Major Major Major Major
There a thing going around the intertrons that’s Carrie from Sex & The City at her laptop musing, with the caption, “and I started to wonder–was the Russian ambassador seeing everybody but me?”
GregB
Russia isn’t sending us their finest.
Davis X. Machina
@Gravenstone: He’s going to run out of alternatives to ‘rally ’round the flag, boys’ sooner or later. Given the present clip with which he’s burning through the ordinary distraction tools presidents have at their disposal, it’s going to be sooner rather than later.
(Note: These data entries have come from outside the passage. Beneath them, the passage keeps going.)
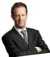
Par Christian Lüscher

LA DROITE GENEVOISE S'ALLIE POUR LE SECOND TOUR DE L'ÉLECTION AU CONSEIL D'ÉTAT : LES ASSEMBLÉES DES PARTIS DE DROITE ONT DÉCIDÉ D'UNE ALLIANCE STRATÉGIQUE ENTRE LE PLR, LE CENTRE, L'UDC ET LE MCG. CHRISTIAN LÜSCHER, CONSEILLER NATIONAL ET RESPONSABLE DU COMITÉ ÉLECTORAL, NOUS EN EXPLIQUE LES ENJEUX.
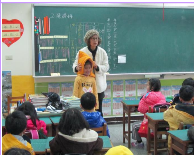
老師解說防震頭套的正確使用
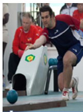
Ninepin bowling schere
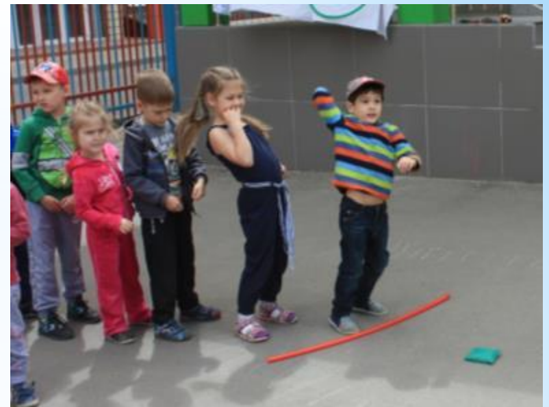
Олимпийское пятиборье: Метание диска (мешочков с песком)
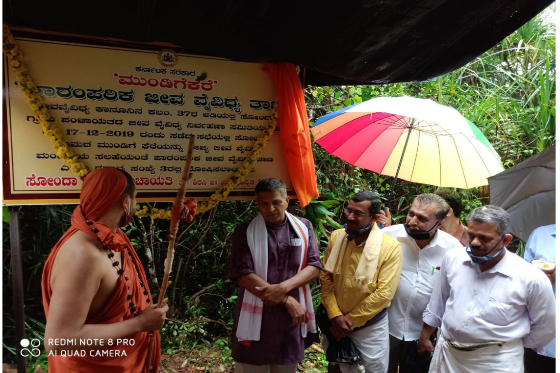
ದಿನಾಂಕ 04.06.2020ರಂದು ಮಾನ್ಯ ಅಧ್ಯಕ್ಷರ ಅಧ್ಯಕ್ಷತೆಯಲ್ಲಿ ಶಿರಸಿಯ ಸೋಂದಾ ಗ್ರಾಮ ಪಂಚಾಯತಿ ವ್ಯಾಪ್ತಿಯಲ್ಲಿನ ಮುಂಡಿಗೆಕರೆಯ ಸಂರಕ್ಷಣೆ ಅಭಿಯಾನ
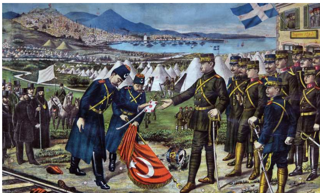
Η παράδοση της Θεσσαλονίκης

«Μακεδονική–Αδριανοπολίτικη Έσωτερική Έπαναστατική Όργάνωση» με ηγέτη τόν Γκότσε Ντέλτσεφ, ένα Βούλγαρο επηρεασμένο από τις ιδέες του Μάρξ και του Μπακούνιν. Μετά τὸ θάνατό του (Μάιος 1903), ὀργανώθηκε ἡ ἐξέγερση τοῦ Ἰλιντεν στὴ Δυτ. Μακεδονία (Ἰούλιος 1903) μὲ πρῶτο στόχο τὴν αὐτονομία της καὶ στὴ συνέχεια τὴν ἐνσωμάτωσή της στὴ Βουλγαρία.
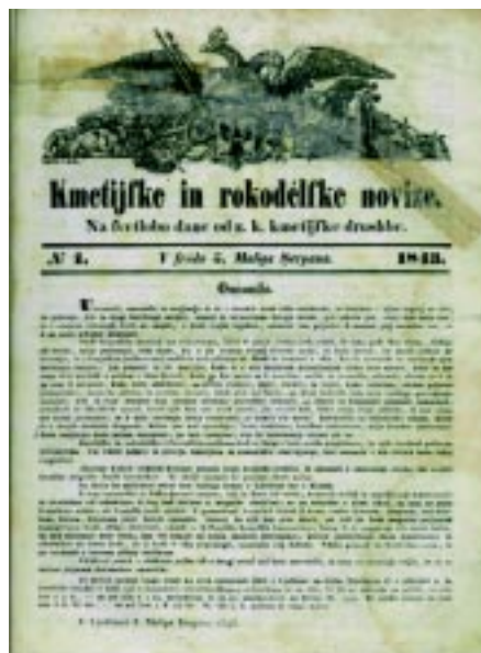
Kmetijske in rokodelske novice (1843–1902)
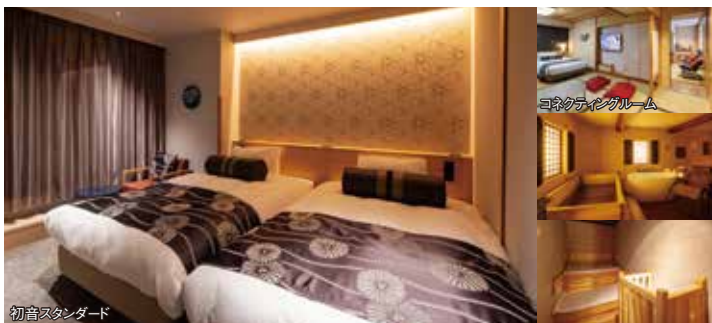
初音スタンダード
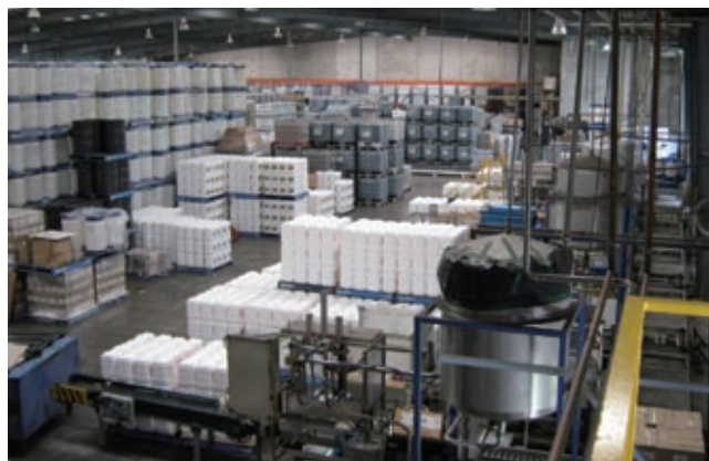
Accensi的服務亦包括配方研發、產品儲存及分銷。

於二零一一年，昆士蘭東部受到破壞性洪水威脅、西部出現長期乾旱，北部地區亦遭強烈氣旋造成嚴重破壞。儘管經營環境充滿挑戰，Accensi 持續穩健增長。
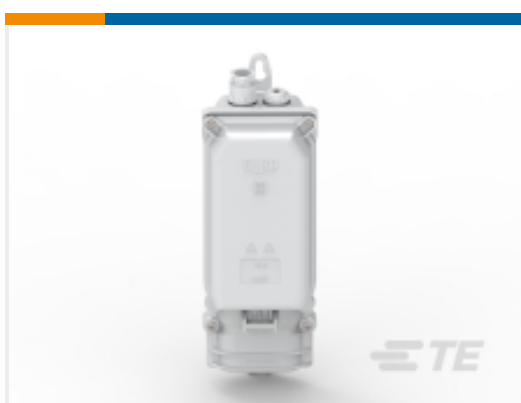
TE 产品编号523562-000 EKM-1281S-2D1-5S/U-2PG-C2
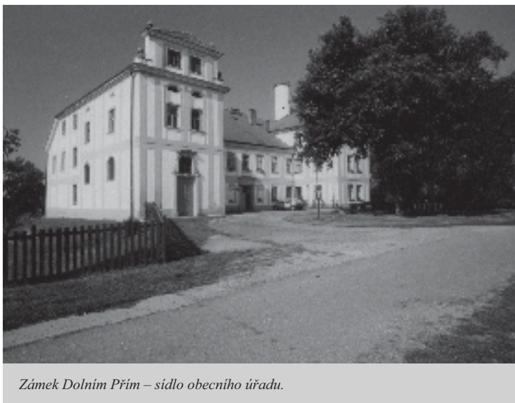
Zámek Dolním Příim – sídlo obecního úřadu.
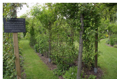
Jardin, allée des roses anciennes. IVR52_20107200858NUCA
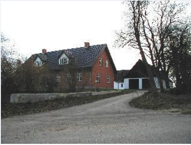
Foto: 1. Den sydligste gård i landsbyen med 4 hvidkalkede længer og stort stuehus i røde sten, fra nord Stort billede
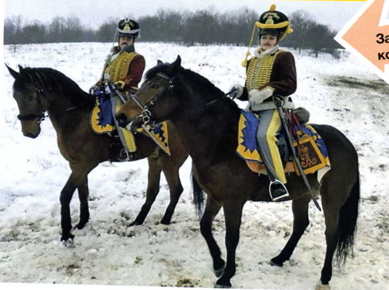
Забавка и Лирика – актёры из конноспортивной школы БелГУ
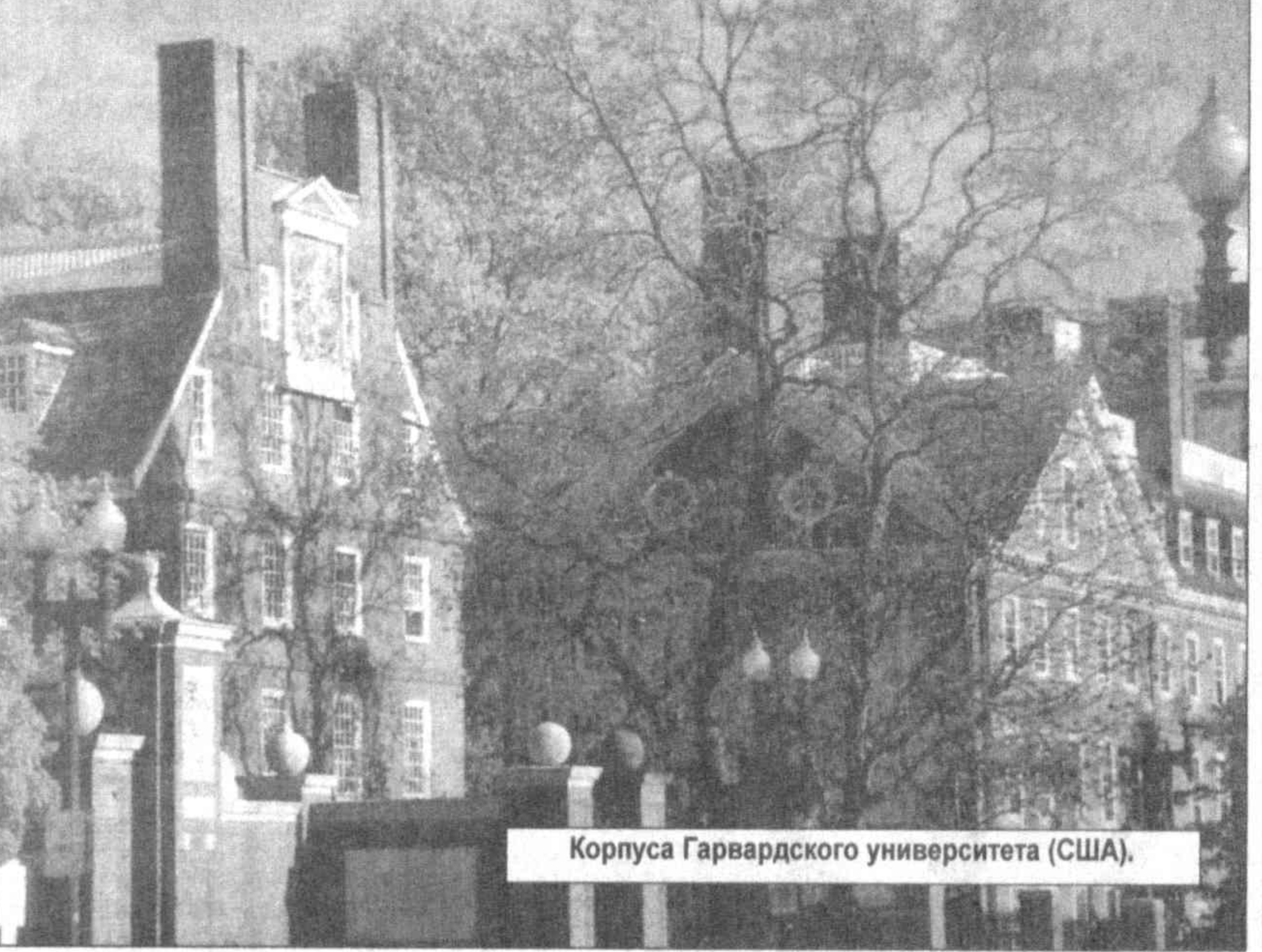
Корпуса Гарвардского университета (США).

Достижения науки и технологии неизменно отражаются на развитии всех областей человеческой деятельности. Именно поэтому поддержка и помощь развитию научных изысканий и технологий является неотъемлемой частью социальной политики. Программы развития науки и технологий, принятые ответственно в 1958 и 1983 годах, ярко демонстрируют стремление правительства всемерно способствовать развитию науки и технологий в таких областях, как здравоохранение, океанография, компьютерная техника и информатика, электроника, образование, фармакология и др. Сейчас правительство Индии рассматривает новую программу развития науки и технологий с учетом курса, взятого на либерализацию экономики, и необходимости достижения экономической самостоятельности и технологической конкурентоспособности.
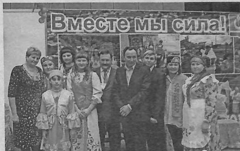
Делегация из Большеулуйского района.
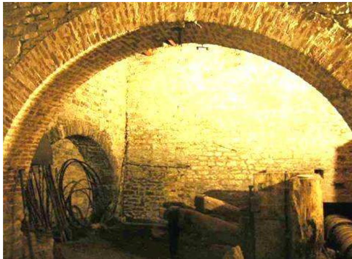
L'interno dell'edificio centrale: si notano i magli e alcuni strumenti di lavoro

invogliare così la popolazione a trascorrere durante l'estate i loro pomeriggi a contatto con la natura con la possibilità di effettuare pic-nic, inoltrarsi lungo il “percorso natura” oppure effettuare visite guidate all'interno di queste antiche fonderie per apprendere le antiche tecniche di lavorazione del rame e riscoprire un'autentica “perla nascosta nel sottobosco”, patrimonio storico-naturalistico di tutti noi agnesi.
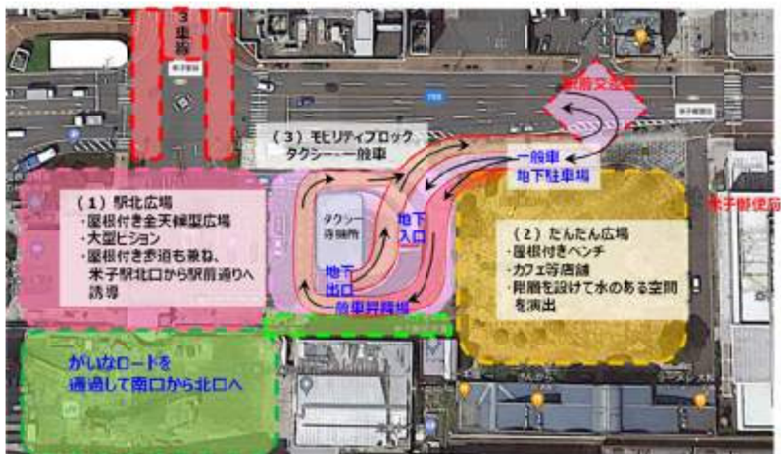
図-11 タクシー乗り場及び一般車両の進入路の配置イメージ

このモビリティブロックは、エントランスゾーンから市内や観光地へ向かう公共交通の発着点である。公共交通の利便性を向上させるための重要な要素は、どこに行けば乗れるか、いつ次の便がでるか、どこに向かうか、といった情報のわかりやすさである。例えば、駅構内または駅を出てすぐの足元に「高速バス」「路線バス」「タクシー」「一般車」「駅北広場」「コンベンションセンター」といったカラー舗装表示があると米子駅を初めて訪れた観光客にとってもわかりやすい案内表示となる(写真-13～写真-15)。また、米子空港の到着口に設置してあるデジタルバス時刻表もわかりやすい案内表示として参考となる(写真-16)。
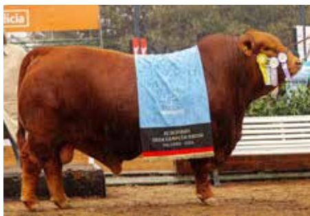
MAFIOSO , el padre record de la historia de la raza.
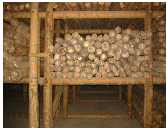
Figura 3. Secado bajo sombra, ubicación en estanterías en forma horizontal.
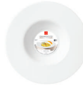
PIATTO RISOTTO RISOTTO PLATE

h 53 mm - 2 1/8" Max. Ø 270 mm - 10 5/8" F6 CT12 - Q.P. 576 ◊ 4.19323.FTB
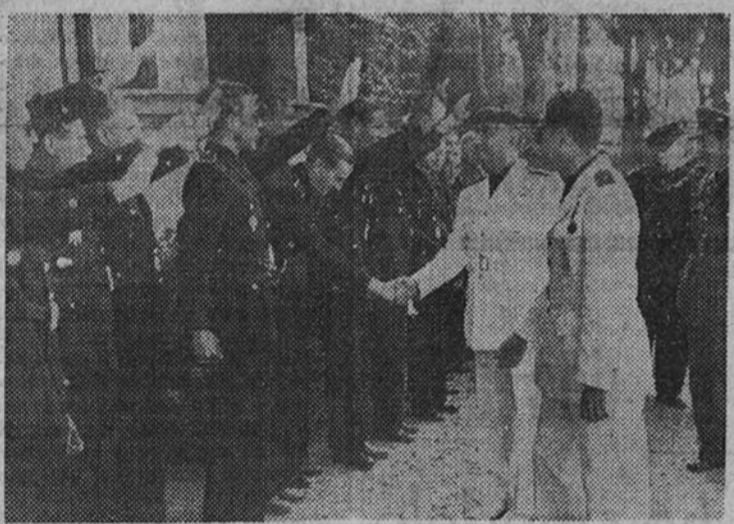
Su Excelencia el Jefe del Estado saludó y estrechó la mano de los Jefes de Sección de las distintas promociones y a los Jefes Provinciales del S. E. M.

cretarios Provinciales de Servicios, jerarcas de la Sección Femenina, Vieja Guardia, representaciones oficiales militares y civiles, etc.
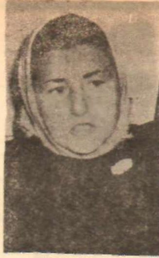
Tellal Fatma Korkudan konuşmıyor

Küçük yaştaki kızların zengin iş adamlarına satılmasıyla ilgili sosyal skandal, genel olarak, tek yönüyle ilerliyor. Genç kız ticareti rezaletinin asıl suçluları zengin iş adamları, bu konudaki «gizli yatırım»larına devam ediyorlar. Genç kızlar ise adliyeye getiriliyor, duruşmalara çıkarılıyorlar. Gazetelerde boy boy resimleri ve söyledikleri sözlerle teşhir ediliyorlar. Bazı vicdan sahibi basın mensupları; bu küçük kızların yayınladıkları resimlerini gözlerine, gayet ince banlar koyarak, ahlaki ve mesleki görevlerini yerine getiriyorlar.. Olmanın sadece yüzeyinde olarak, kalantor zamparaların isim ve cisimlerine dokunmadan, kirletilen körpe kızları teşhire büyük bir vicdan huzuru içersin de devam ediyorlar. Artık duruma iyiden iyiye alışan küçük yaştaki satılık kızlar da, adliye koridorlarında gazetecilere büyük iş adamları ve politikacılar gibi beyanatlara veriyorlar.
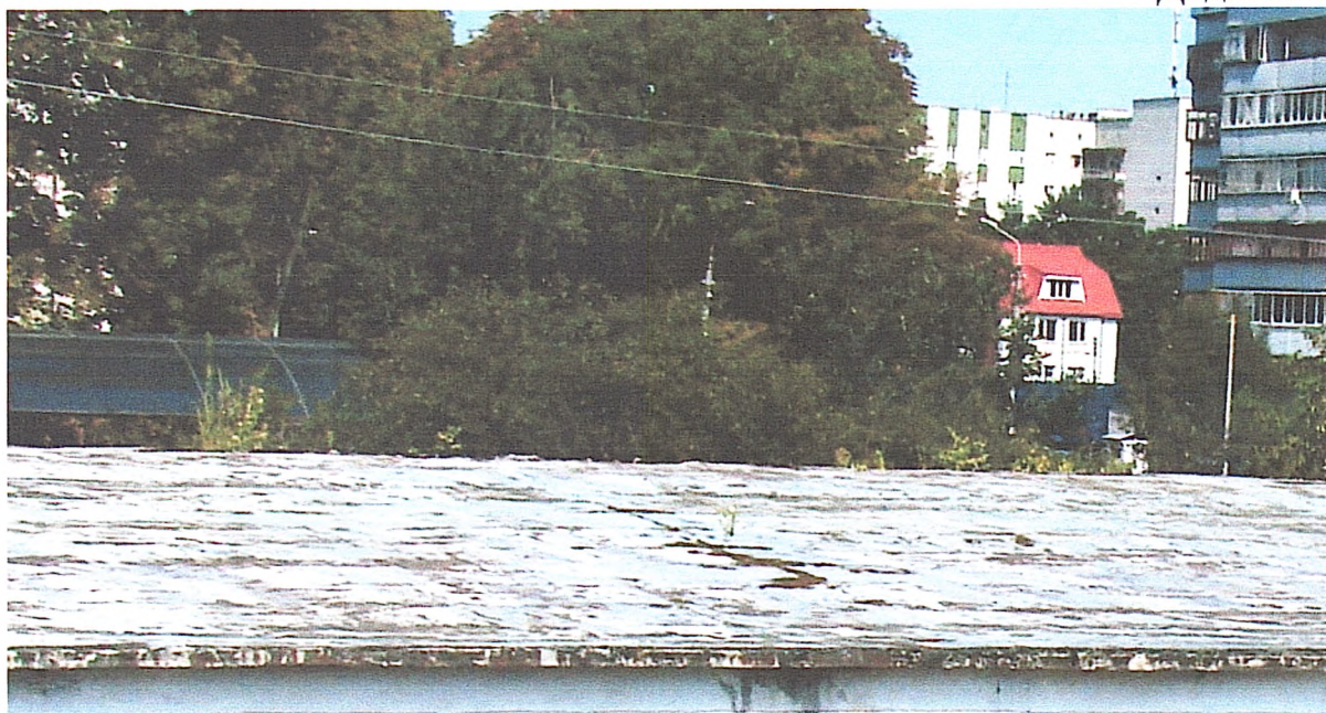
Фото № 17. Вигляд покрівлі споруди складу № 3.
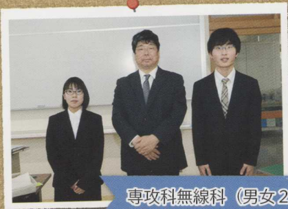
専攻科無線科 (男女2名)
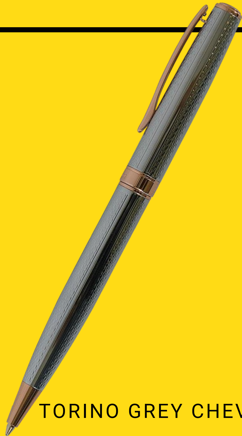
TORINO GREY CHEVRON
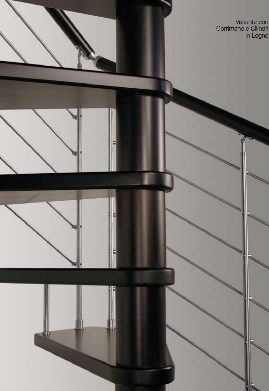
Variante con Corrimano e Cilindri in Legno

Sorry, Seoul — you’re boned.
zhena gogolia
@Major Major Major Major:
But she got Baryshnikov.
Major Major Major Major
@zhena gogolia: didn’t he hit her?
zhena gogolia
@Major Major Major Major:
Really? I missed that episode.
Corner Stone
@Jerzy Russian: Your last name is “Russian” fer crikey’s sake!
Smedley Darlington Prunebanks (Formerly Mumphrey, et al.)
They’re all in a tub of Russians up to their ears. They’re going to drown. The only thing we don’t yet know is which ones will turn on the others and how soon.
japa21
We all know the Benghazi folderol and the email scandals were much ado about nothing, but there was some degree of material out there to justify an initial look see, but not enough to go to the extent the GOP did. There is 20X as much material here to have several deep investigations going on, but all we have so far are some little gestures by the GOP, the size of which is comparable to Trump’s hands or other parts.
Gravenstone
@Davis X. Machina:
Pretty much. One of the managers at work spent his teen years living as a military dependent near the DMZ. He said it was common knowledge that NK has enough tube artillery in range of Seoul to basically level the city in a matter of hours. I always thought that had to be a really bizarre background to grow up in.
Major Major Major Major
@zhena gogolia: I think it’s why they broke up. Ages ago though.
@Gravenstone: yep. Millions of deaths in a day or two. Clever situation on NK’s part of course.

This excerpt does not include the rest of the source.